The strength of the study is based on two main factors. First, the GPIU surveillance to our knowledge is the only study that has a sequential measure of HAUTIs in urology departments using validated definitions. This has generated data comparable over time. Second, analysis of the data utilizing the Bayesian WISCA approach has allowed us to unmask previously unknown findings. The WISCA measure has been used before [14, 24] and inclusion of the Bayesian approach has only been of note in two other studies [15, 17]. In our recent study, we established the methodology for the Bayesian approach in WISCA estimates [15]. Accounting for the prior information improved the estimates. In addition, the Bayesian factor was used to test the hypothesis that chances of coverage of an antibiotic will differ amongst conditions. This was compared against the competing hypothesis of no such relation and allowed us to judge the strength of the evidence obtained from the GPIU study to support or refute the hypothesis.

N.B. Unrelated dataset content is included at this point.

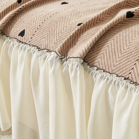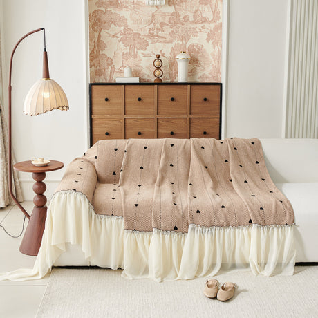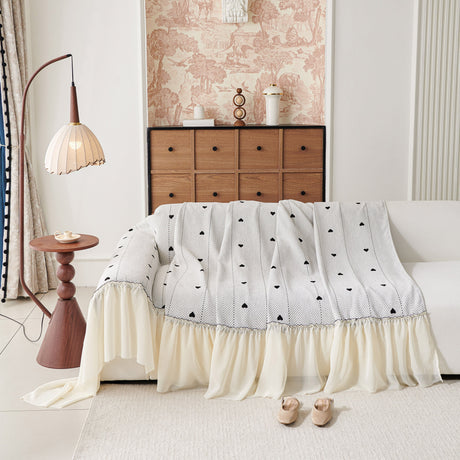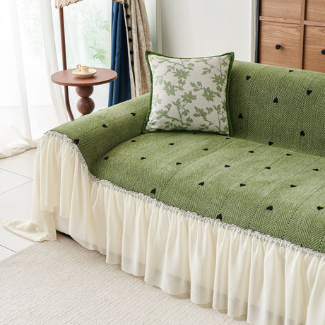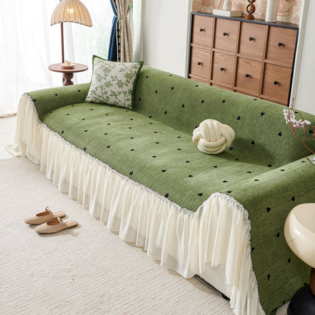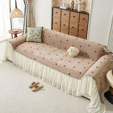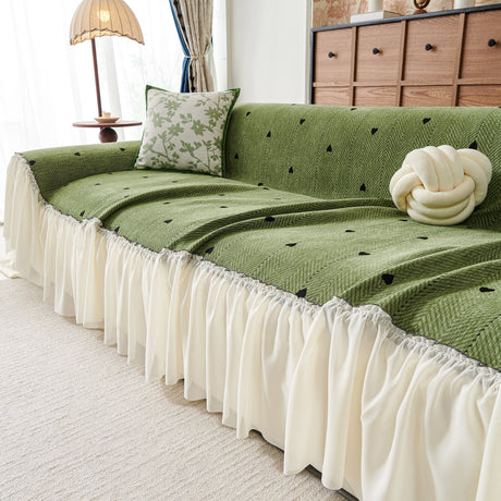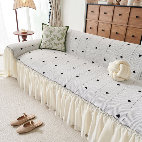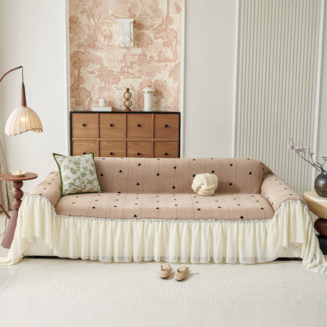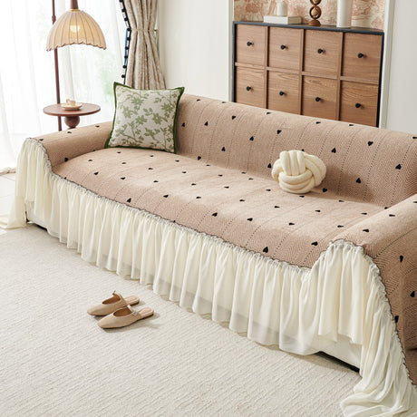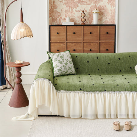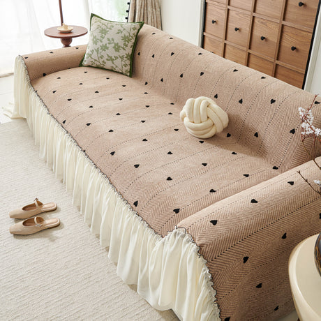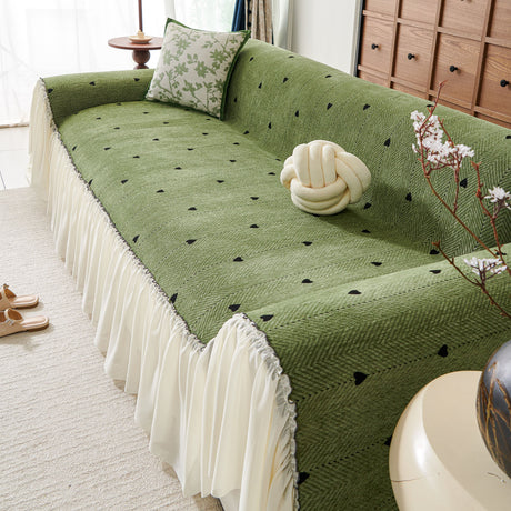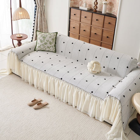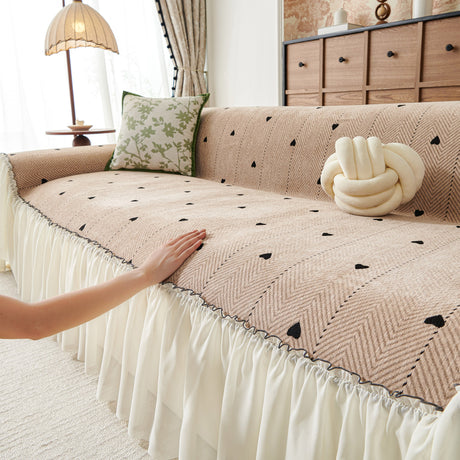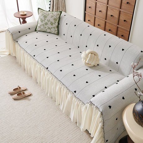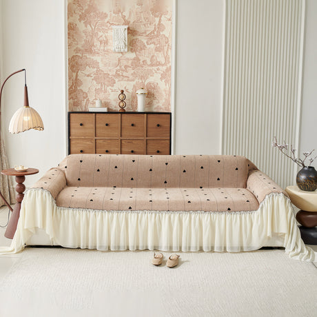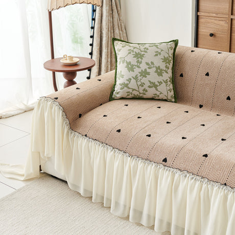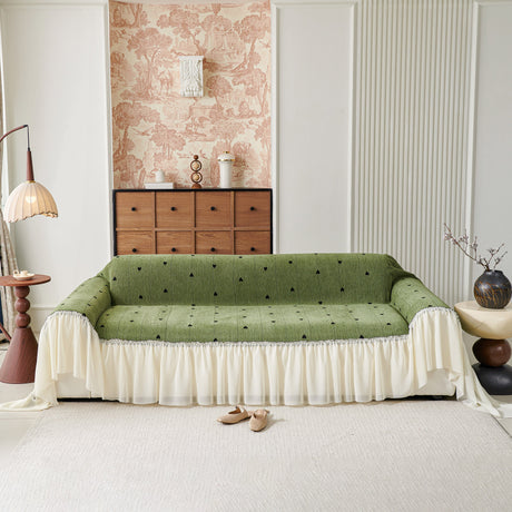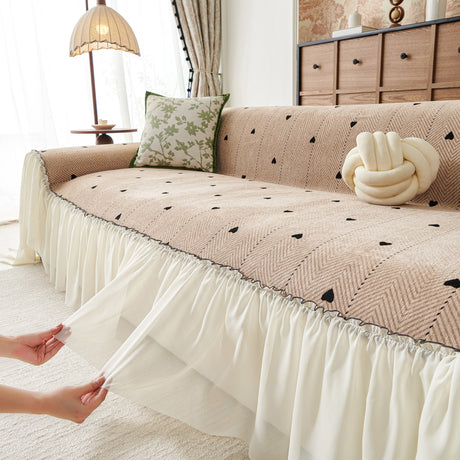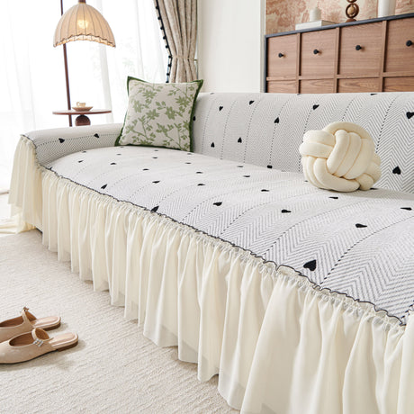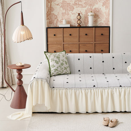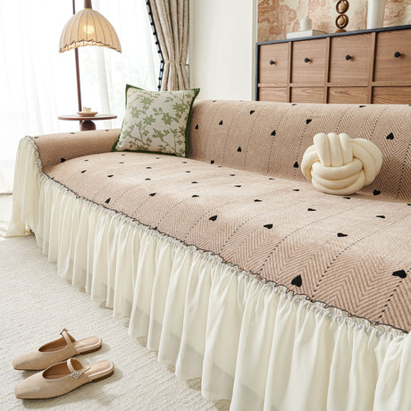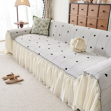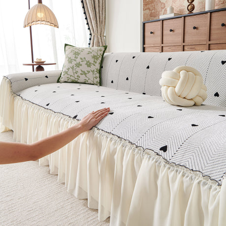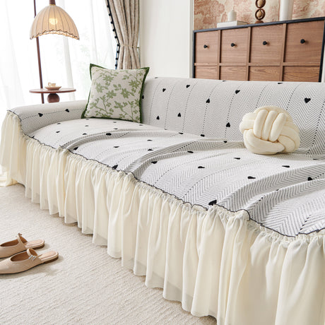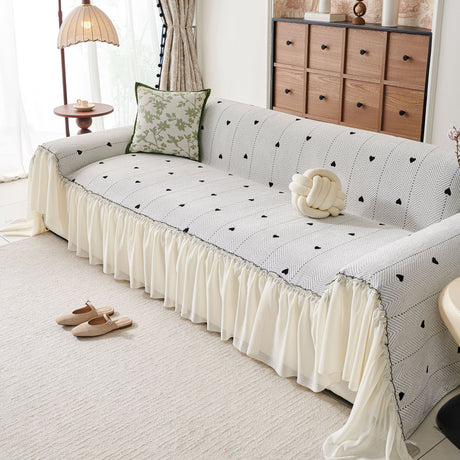 Grid Sofa Cover with Ruffle Skirt – Soft, Decorative, Full-Cover Couch Protector

Although this study has demonstrated that condition-specific surveillance information in HAUTIs can improve the information obtained for the empirical antibiotic selection, there are several limitations. First, the data are derived from an annual surveillance study at a continental level and participation from each country was varied. Hence, the accuracy of the results is questionable but previous studies have identified that the inaccuracy is more likely to be gauged towards an underestimate of AMR [25, 26]. Second, we used a 2-year prior information to calculate the Bayesian WISCA and the value of a longer duration for prior information should be further explored.

Conclusions

Our estimates illustrate that antibiotic choices can be different between HAUTI conditions. The Bayesian WISCA approach was instrumental in highlighting these differences. The findings can improve empirical antibiotic selection towards a personalized approach but need to be validated in local surveillance studies.